Task objective:
Please set down, unchanged, each line from the one with "٧٢١/ ٢٣٤ - مَالِكٌ،" to the final line of the data below, both included. Drop the pictures.

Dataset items
----------

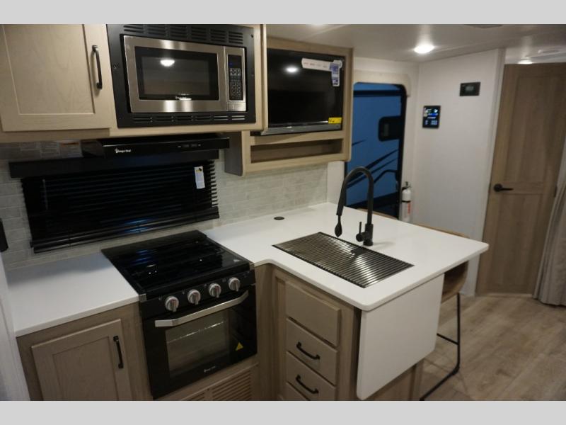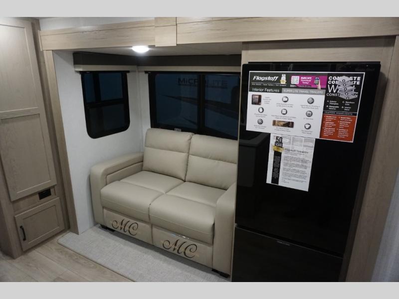 With any Flagstaff Super Lite travel trailer by Forest River the towing features include the TST tire pressure monitor system with a monitor providing safety on the road, Easy Lube axles and Nev-R adjust brakes, a power tongue jack for easy setup, and rear observation camera prep. Each is built with 6 sided aluminum framed side walls, end wall, front, floor and a roof, a plywood tongue and groove subfloor, electronically controlled heated holding tanks and an enclosed underbelly allowing you to travel during any season. The interior includes designer kitchen backsplash, solid surface kitchen countertops, Sedonwood cabinetry, and solid wood cabinet doors and drawers to make you feel right at home.
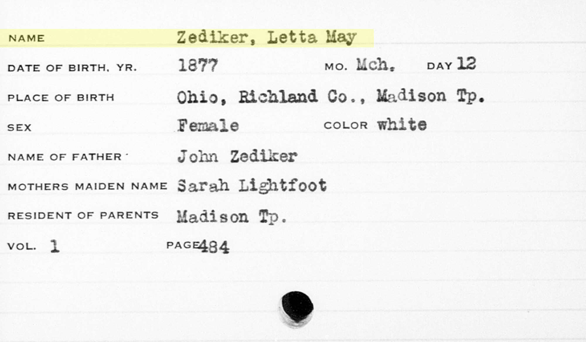 "Ohio, County Births, 1841-2003," database with images, FamilySearch (accessed 27 Nov 2019); Yetta May Zediker, 12 Mar 1877; citing Birth, Madison Tp., Richland Co., Ohio, United States, county courthouses, Ohio; FHL microfilm 541,349.
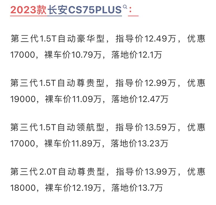 分享一下年底长安CS75 PLUS的真实行情,1.5T豪华型和自动领航型现在能下1.7个,落地分别在12.1万和13.2万左右。而1.5T的尊贵型优惠幅度最高,能下1.9个,裸车11个出头,落地不到12.5个。2.0T的尊贵型现在终端能下1.8个,落地在13.7个左右。贷款的话,总落地价最多再加三到五千元。
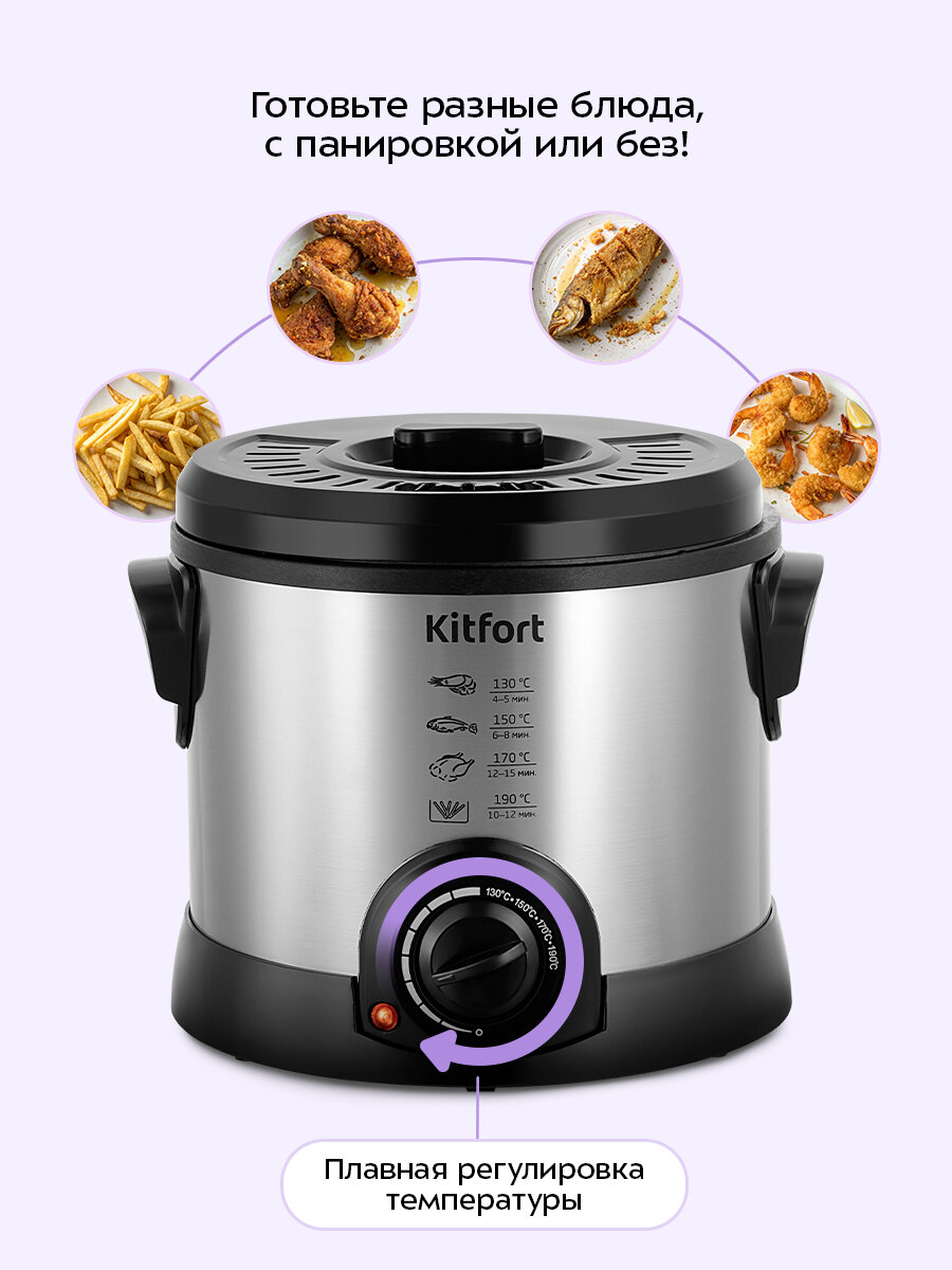 Фритюрница Kitfort KT-2011 – это ваш надежный помощник на кухне, который поможет вам легко и быстро приготовить любимые блюда, радуя себя и своих близких восхитительным вкусом и хрустящей корочкой.
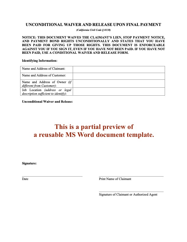 Use this template form to issue a conditional waiver and release of lien for receipt of final payment on a construction project in California.
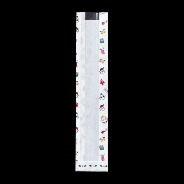 【規格内容】仕上幅80(マチ45)×長さ375+ベロ18mm【材質】紙【補足1】耐油加工【補足2】使い捨て【色】白赤緑黄【柄】柄付【季節】12月【イベント・行事】クリスマス【キーワード】サンタクロース、雪だるま、ツリー、トナカイ、クリスマス柄、窓付きバタール袋、窓付きフランスパン袋、窓付きバケット袋、英字柄、パン屋さん向け、ベーカリー、見せるラッピング【商品特徴】※100枚PE袋
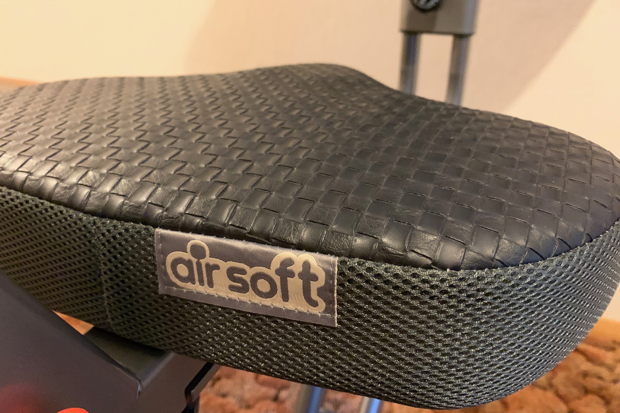 The Exerwork Desk Bike has a large cushioned seat that is 2.5 inches thick and 15 inches wide. The foam padding is soft, and the size and shape of the chair should work well for most users. The Airsoft seat is claimed to have “aerodynamic healthcare technology” that allows air to breathe through the fabric to help keep you cooler for longer. The seat's position is highly adjustable, and it has both seat height and fore and aft adjustments. The 1.3" thick foam backrest provides adequate back support and has two positions. This bike's seat adjustability should allow for a comfortable position and natural feeling leg extension for most riders within the recommended 5'1" to 6'3" height range. Our primary tester is 6' tall and has a 32" inseam. Despite being well within the height range, he noted that he could have used slightly more adjustment to achieve the perfect leg extension in his pedal stroke.
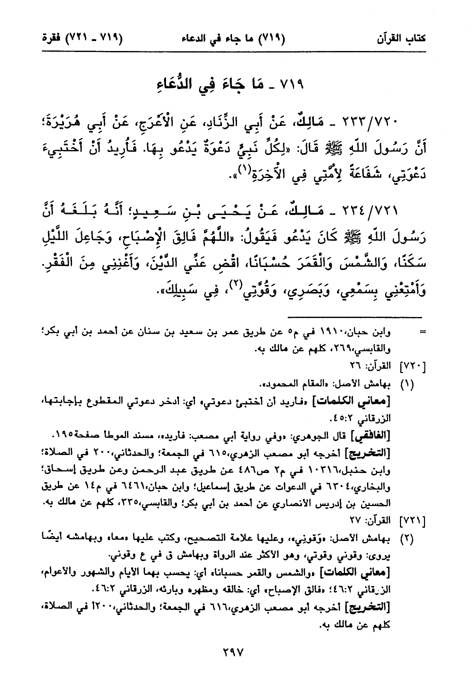 ٧٢١/ ٢٣٤ - مَالِكٌ، عَنْ يَحْيَى بْنِ سَعِيدٍ؛ أَنَّهُ بَلَغَهُ أَنَّ رَسُولَ اللهِ صلى الله عليه وسلم كَانَ يَدْعُو فَيَقُولُ: «اللَّهُمَّ فَالِقَ الْإِصْبَاحِ، وَجَاعِلَ اللَّيْلِ سَكَناً، وَالشَّمْسَ وَالْقَمَرَ حُسْبَاناً، اقْضِ عَنِّي الدَّيْنَ، وَأَغْنِنِي مِنَ الْفَقْرِ. وَأَمْتِعْنِي بِسَمْعِي، وَبَصَرِي، وَقُوَّتِي (١)، فِي سَبِيلِكَ».
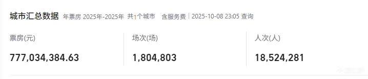 截至10月8日23點05分,蘇州2025年度總票房。 來源:燈塔專業版
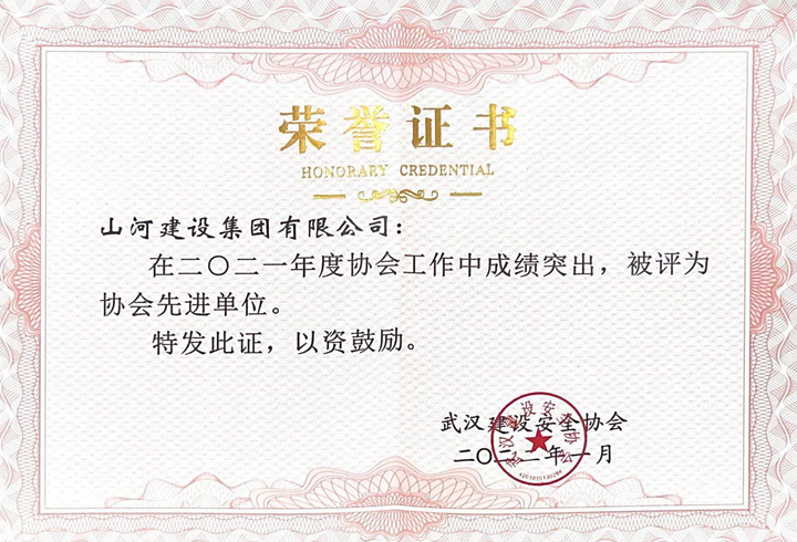 开云线上平台集团获评2021年度武汉建设安全协会工作先进单位

----------

Exercise answer:
 ٧٢١/ ٢٣٤ - مَالِكٌ، عَنْ يَحْيَى بْنِ سَعِيدٍ؛ أَنَّهُ بَلَغَهُ أَنَّ رَسُولَ اللهِ صلى الله عليه وسلم كَانَ يَدْعُو فَيَقُولُ: «اللَّهُمَّ فَالِقَ الْإِصْبَاحِ، وَجَاعِلَ اللَّيْلِ سَكَناً، وَالشَّمْسَ وَالْقَمَرَ حُسْبَاناً، اقْضِ عَنِّي الدَّيْنَ، وَأَغْنِنِي مِنَ الْفَقْرِ. وَأَمْتِعْنِي بِسَمْعِي، وَبَصَرِي، وَقُوَّتِي (١)، فِي سَبِيلِكَ».
 截至10月8日23點05分,蘇州2025年度總票房。 來源:燈塔專業版
 开云线上平台集团获评2021年度武汉建设安全协会工作先进单位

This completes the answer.